A bibliographic record for The Arcturus Adventure is expressed in BIBFRAME as a knowledge graph (left); the same bibliographic record is expressed in MARC (right). Image: Dearborn, 2022
Adoption of BIBFRAME has gained recent momentum with a 1.5 million dollar grant awarded by the Andrew W. Mellon Foundation to fund Linked Data for Libraries, dubbed LD4L Labs (2016-2018), distributed to Columbia, Cornell, Harvard, Library of Congress, Princeton, and Stanford. These six institutions are leading the charge by
developing standards, guidelines, and infrastructure to communally produce metadata as linked open data;
developing end-to-end workflows to create linked data in a technical services production environment;
extending the BIBFRAME ontology to describe library resources in specialized domains and formats; and
engaging the broader library community to ensure a sustainable and extensible environment (LD4P Partners, 2016).
To achieve these ambitious goals, the LD4P partners have organized a global community of practice around linked open data.

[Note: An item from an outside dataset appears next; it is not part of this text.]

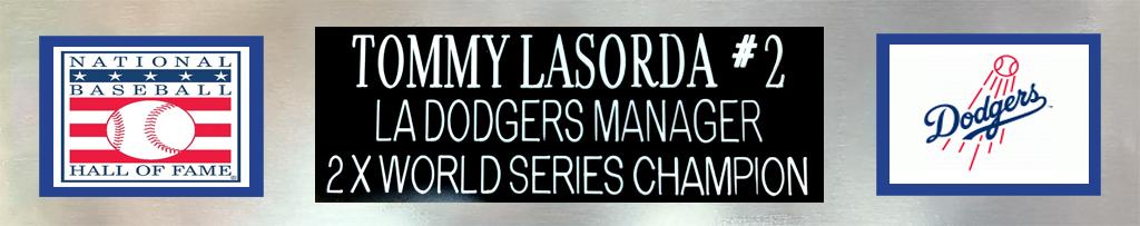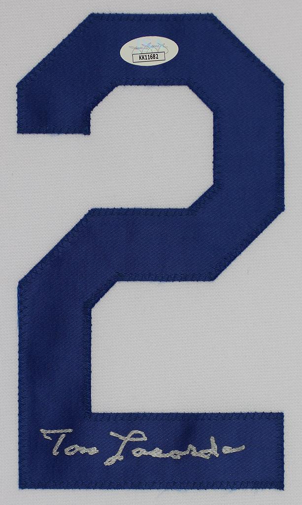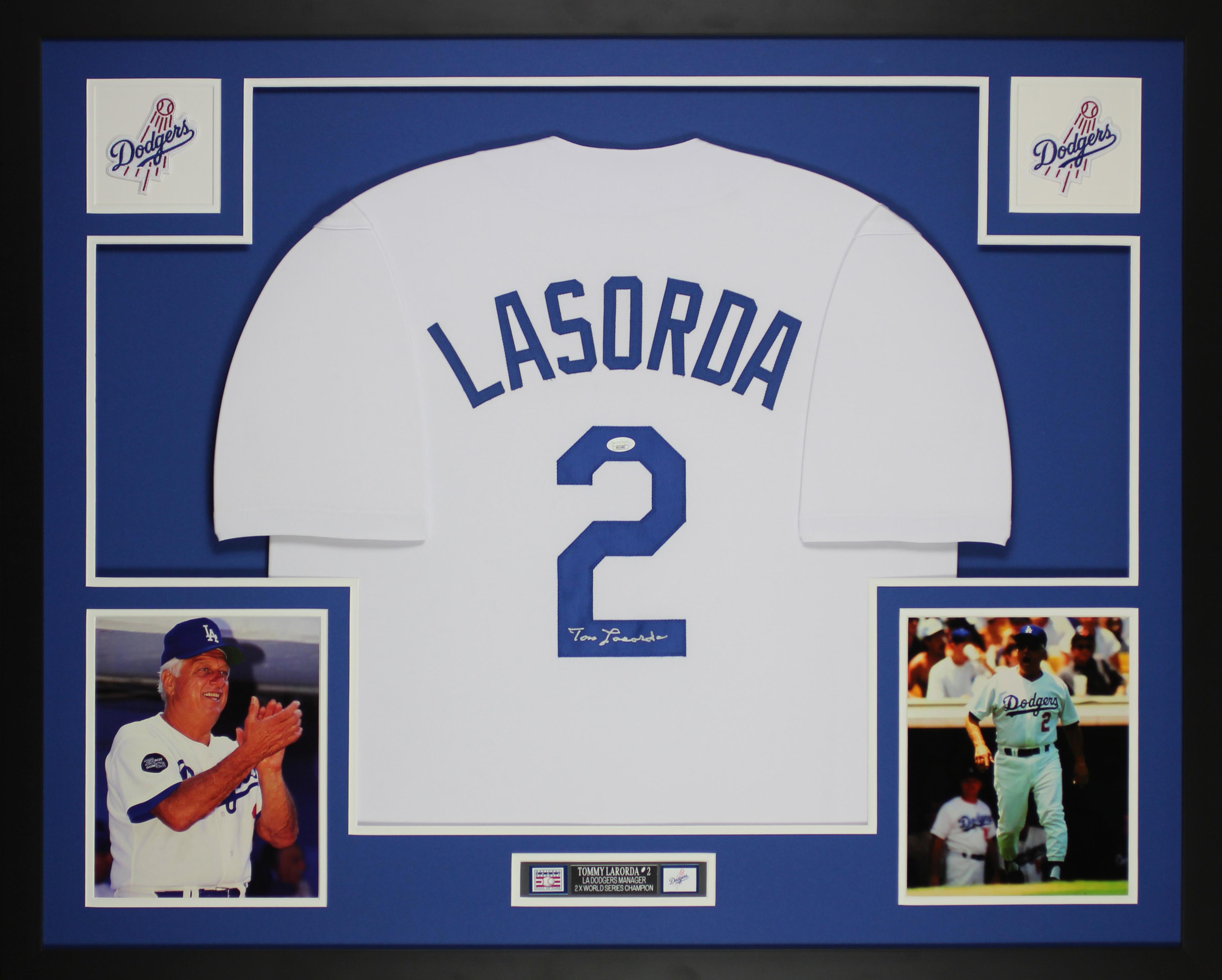 Custom frame measures 35" x 43" in size and features a jersey hand-signed by Tommy Lasorda (D. 2021, HOF).

Wikidata is playing a key role by providing librarians with an open, free, collaborative testing ground for semantic experimentation. The next two phases of the grant, Linked Data for Production: Pathway to Implementation (LD4P2) and Linked Data for Production: Closing the Loop (LD4P3) aim to mainstream BIBFRAME production with Sinopia, a global linked data creation environment (Stanford University Libraries Digital Library Systems & Services, 2018).
Working in close collaboration with LD4P, Casalini Libri, an Italian library services firm, is converting entire institutional catalogs from MARC to BIBFRAME through their ShareVDE conversion service. Additionally, known named entities are being harmonized across catalogs with the assignment of globally persistent identifiers, called Supra Uniform Resource Identifiers (SFIDs.)

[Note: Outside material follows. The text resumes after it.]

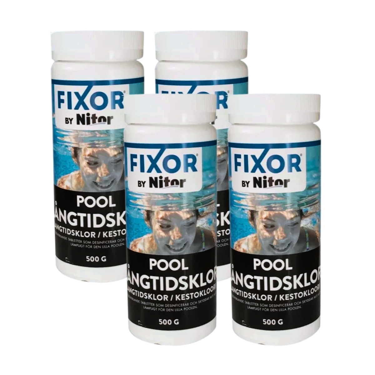 Klorgranulat Pool Fixor by Nitor Långtidsklor med antialg 500g 4-pack

Matthew Alexander Henson, an African American Arctic Explorer’s SUID is https://svde.org/agents/951654264154896. Image: (Henson & Share-VDE, n.d.)
As of September 2021, the new version Share-VDE 2.0 beta went live with plans to bring the system into production in May 2023. The beta site already allows users to search nine catalogs in six languages, across 35,702,678 works. The user interface features accessible themes for vision-impaired persons, custom domain names, and branded skins for member institutions (About Share-VDE, 2021). Converted records are delivered back to adopting institutions as triple-store databases and delta loads of records from participating institutions are slated to occur in 2023.
At the Smithsonian Institution, the Share-VDE BIBFRAME conversion effort is being led by Descriptive Data Manager, Jackie Shieh, who is a huge linked data advocate and has worked with the Casalini Libri Team to usher nearly 2 million records from the Smithsonian Libraries and Archives catalog into the semantic web. In a recent blog, she writes:
“SVDE’s back-end technology prepared the Smithsonian Libraries and Archives data for indexing, clustering, searching and representation. Their work helps data providers like the Smithsonian reap the benefits of linked data and connect library collections on the web in a user-friendly and informative manner" (Shieh, 2022).
As the library world moves headlong towards BIBFRAME, it would be wise for BHL and its partners to proactively follow suit. One catalog at a time, Casalini Libri is helping libraries break free from the shackles of MARC and de-silo library data across the globe with a centralized semantic portal, Share-VDE.
The BIBFRAME initiative, FAIR principles, and 5-star linked open data have the potential to launch a gestalt leap for information, and ultimately human knowledge. These specifications are about harnessing, using, and stewarding data in ways that allow humans to find meaning in the zettabytes of noise.